I can’t recommend meditation or any kind of regular spiritual practice enough. I find that if we don’t take the time and put in the effort of developing a way to regularly communicate with our soul, we miss out on so much. If we don’t learn how to listen to ourselves, turn inwards and rest in our inner sanctuary, chances are the beauty and the mystery of life are lost on us entirely. We become objects in a storyline that is being written by other people instead of living our life with purpose, direction and consciousness. Spiritual practice helps us build still points into life, sand grain by sand grain we build our island, giving us a place to come back to and a foundation to build on. Instead of being tossed around like a piece of driftwood, as an eternal victim of life’s ebb and flow, washing up the shore of life from time to time in such a dishevelled state that we only barely start to recuperate before the ocean starts dragging us back out to open sea again.
We build our inner temple and by doing so we build strength, like an inner tower reaching up to the stars, strengthening our vision, broadening our view and increasing our possibilities with every step we take. Regular spiritual practice is like learning how to swim or building a boat, allowing us to master our direction and become explorers of life. It makes us grow, become more conscious, more alive. The goal of spiritual practice is to become as alive as possible, to participate actively in the co-creation of reality, to assume the role of main character in the storyline we write for ourselves.
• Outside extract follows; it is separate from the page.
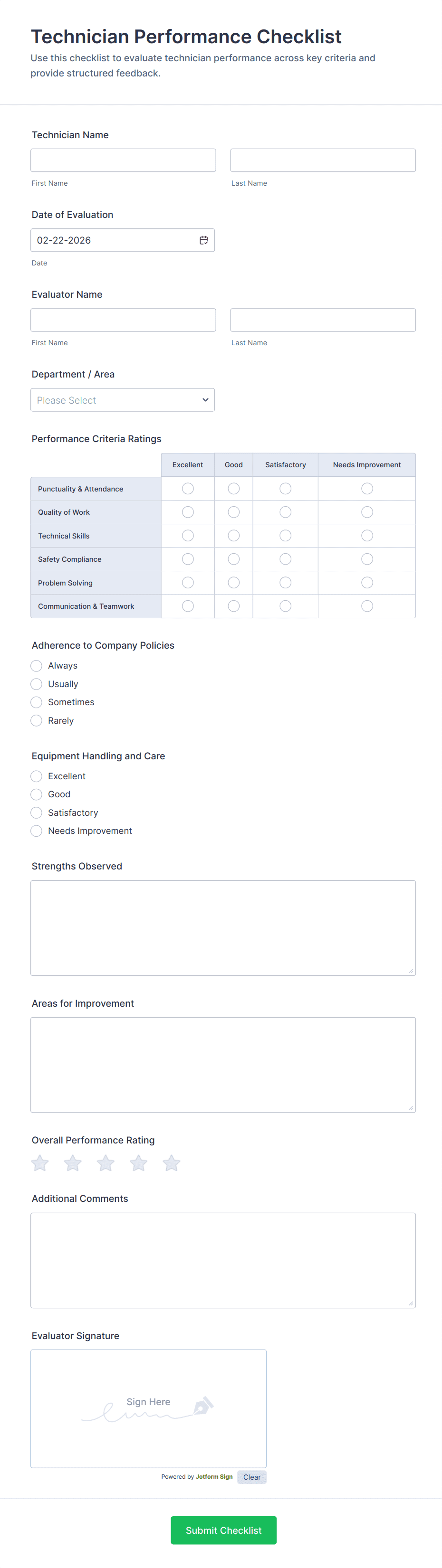 Start collecting online technician evaluations and requests with Jotform’s powerful Technician Forms. Choose from one of our readymade templates and customize it in seconds with Jotform’s intuitive form builder. You don’t need any coding knowledge to make changes — simply drag and drop to edit text fields and checklist items, install helpful widgets and integrations, choose fonts and colors, and more. Embed your form in a website or send email invites with just a few clicks. Respondents can then access and fill out your form from any device. Submissions are instantly synced and stored in your secure account, so can easily review your responses from one location. Survey your employees and fulfill client service requests with these fully-customizable Technician Forms.

Different spiritual practices are like different paths leading to the same source: our own source, our essence. Our practice helps us become ourselves, express our essence in everything we do with the intention of becoming this essence in each and every moment. We start being instead of doing. We integrate and become the journey, our journey becomes us, a reflexion of who we are and we are no longer going back and forth between a state of connection and a state of disconnection. Spiritual practice helps us make bolder choices, live courageously, choose ourselves, choose life.

When spiritual practice becomes counter-productive

There is however one instance in which spiritual practice can become counterproductive and slow down our growth process and that is when instead of using it as a tool for spiritual growth, it becomes a band aid. When our practice becomes the crutch we lean on and it helps us maintain an unhealthy situation, a way of life that doesn’t suit us, that doesn’t correspond to our inner state of being anymore. When spiritual practice keeps us from seeing the truth, facing reality, facing ourselves. Instead of being a launching platform for our soul and spirit to dive even deeper into life, deeper into our experiences, our emotions, our life and the universe, our little island can become a hide-out, a place we retreat to more and more often to cut ourselves off from the world, to numb our feelings, flee our reality or retreat into a place where we can ignore what is going on around us. This is when our spiritual practice becomes a coping mechanism, a life raft helping us deal sufficiently with an issue to stay afloat and actually preventing us from dealing with the root cause of our anxiety, stress or unhappiness. We get just enough oxygen to continue our life in the city that we dislike, to stay with the partner we no longer feel any connection with, to continue the job that makes no sense to us. Our practice can support us and helps us through difficult times, but in no way should it become a life raft, a way to cover up and gloss over our incoherence, our pain, our longing. A way to be a little more content in our discontentment. Meditation can become a means of not listening to our emotions and our spiritual practice can become our daily energy shot, giving us just enough energy to continue and not go under, like a shot of energetic Redbull. But life is not about coping, it is about thriving and making the necessary changes in life that allow us to align with our highest purpose and incarnate our spiritual self into the material world.
Our emotions and our physical health are the language of our soul in this material world, they are like a sign language letting us know if something suits us or not, if something is good for us or not, if it nourishes our body, feeds our soul, or if it drains us. The words that are being spoken by our tears, our cramps, our shivers, our laughter, our expanding or contracting heart exist to help us touch our core, they are like morse code continually being sent out by our heart, signalling which way to go, like a lighthouse of feelings and emotions steering us away from the cliffs of an unconscious, passionless and meaningless life.